**EXERCISE DIRECTIONS**
Pictures in the records below must be left out. Return exactly the lines from the line with "Of serpentine outline, the" to the line with "Le Ahooga E-Max", both included.

**RECORDS PROVIDED**
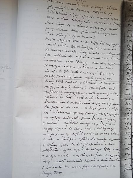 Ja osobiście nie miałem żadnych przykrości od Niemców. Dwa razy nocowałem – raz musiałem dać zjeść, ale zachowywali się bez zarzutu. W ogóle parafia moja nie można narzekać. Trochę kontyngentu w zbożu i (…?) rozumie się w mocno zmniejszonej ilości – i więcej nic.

---

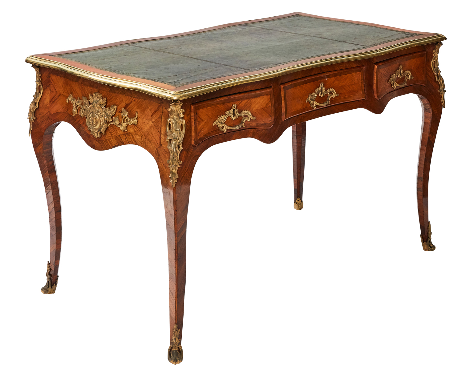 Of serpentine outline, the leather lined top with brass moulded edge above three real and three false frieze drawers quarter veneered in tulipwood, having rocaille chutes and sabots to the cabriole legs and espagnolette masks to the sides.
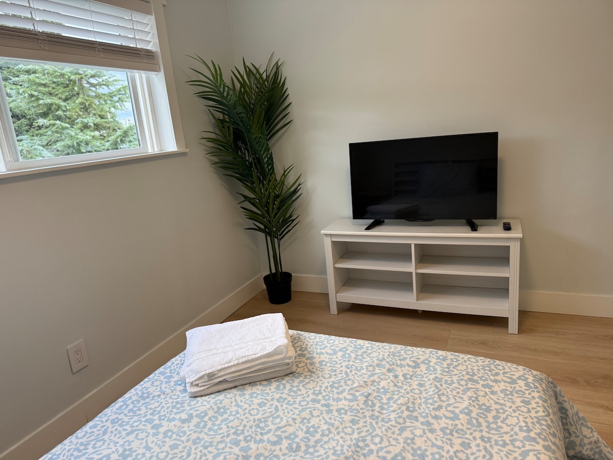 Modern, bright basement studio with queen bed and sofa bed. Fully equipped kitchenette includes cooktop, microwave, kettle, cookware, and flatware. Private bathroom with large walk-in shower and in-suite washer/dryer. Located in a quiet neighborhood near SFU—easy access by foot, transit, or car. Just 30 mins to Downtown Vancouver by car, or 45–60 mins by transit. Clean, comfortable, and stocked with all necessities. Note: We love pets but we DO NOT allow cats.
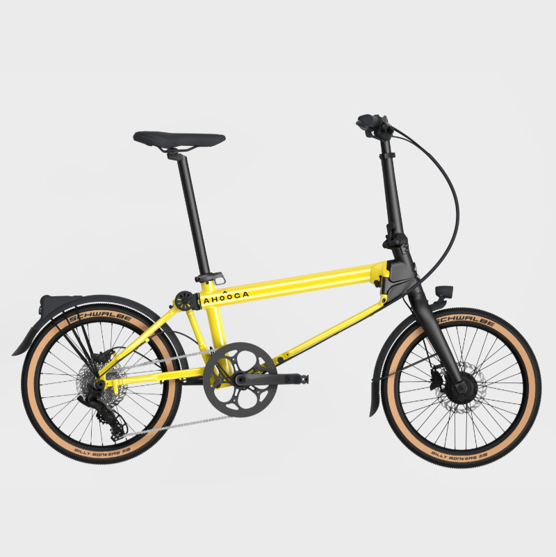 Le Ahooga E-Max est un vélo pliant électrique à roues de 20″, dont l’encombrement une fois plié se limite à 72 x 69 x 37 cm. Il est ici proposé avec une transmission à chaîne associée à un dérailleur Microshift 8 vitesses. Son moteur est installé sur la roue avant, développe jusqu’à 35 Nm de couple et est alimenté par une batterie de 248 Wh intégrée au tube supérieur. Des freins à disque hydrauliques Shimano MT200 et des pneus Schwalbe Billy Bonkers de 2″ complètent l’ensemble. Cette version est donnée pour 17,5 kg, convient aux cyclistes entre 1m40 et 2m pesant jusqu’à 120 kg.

==

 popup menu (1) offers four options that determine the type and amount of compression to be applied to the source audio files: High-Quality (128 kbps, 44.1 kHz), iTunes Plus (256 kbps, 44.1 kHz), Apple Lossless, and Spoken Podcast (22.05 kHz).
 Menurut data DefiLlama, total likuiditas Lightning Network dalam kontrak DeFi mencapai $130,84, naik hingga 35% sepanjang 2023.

**SOLVED EXERCISE**
 Of serpentine outline, the leather lined top with brass moulded edge above three real and three false frieze drawers quarter veneered in tulipwood, having rocaille chutes and sabots to the cabriole legs and espagnolette masks to the sides.
 Modern, bright basement studio with queen bed and sofa bed. Fully equipped kitchenette includes cooktop, microwave, kettle, cookware, and flatware. Private bathroom with large walk-in shower and in-suite washer/dryer. Located in a quiet neighborhood near SFU—easy access by foot, transit, or car. Just 30 mins to Downtown Vancouver by car, or 45–60 mins by transit. Clean, comfortable, and stocked with all necessities. Note: We love pets but we DO NOT allow cats.
 Le Ahooga E-Max est un vélo pliant électrique à roues de 20″, dont l’encombrement une fois plié se limite à 72 x 69 x 37 cm. Il est ici proposé avec une transmission à chaîne associée à un dérailleur Microshift 8 vitesses. Son moteur est installé sur la roue avant, développe jusqu’à 35 Nm de couple et est alimenté par une batterie de 248 Wh intégrée au tube supérieur. Des freins à disque hydrauliques Shimano MT200 et des pneus Schwalbe Billy Bonkers de 2″ complètent l’ensemble. Cette version est donnée pour 17,5 kg, convient aux cyclistes entre 1m40 et 2m pesant jusqu’à 120 kg.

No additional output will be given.